● TASK STATEMENT
Transcribe the entries below word for word, beginning at the line with "Manmohan Singh with" and stopping after the line with "it’s easy to"; drop all pictures.

● INPUT DATA
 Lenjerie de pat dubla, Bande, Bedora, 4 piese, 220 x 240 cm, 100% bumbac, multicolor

---

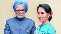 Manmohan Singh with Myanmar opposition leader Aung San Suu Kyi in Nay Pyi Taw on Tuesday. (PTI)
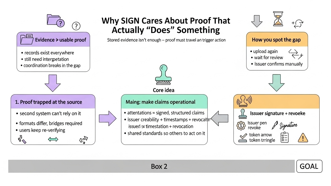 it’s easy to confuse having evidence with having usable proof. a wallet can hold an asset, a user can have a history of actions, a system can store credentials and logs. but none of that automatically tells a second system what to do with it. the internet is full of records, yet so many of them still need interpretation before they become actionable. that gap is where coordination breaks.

● RESPONSE AREA
 Manmohan Singh with Myanmar opposition leader Aung San Suu Kyi in Nay Pyi Taw on Tuesday. (PTI)
 it’s easy to confuse having evidence with having usable proof. a wallet can hold an asset, a user can have a history of actions, a system can store credentials and logs. but none of that automatically tells a second system what to do with it. the internet is full of records, yet so many of them still need interpretation before they become actionable. that gap is where coordination breaks.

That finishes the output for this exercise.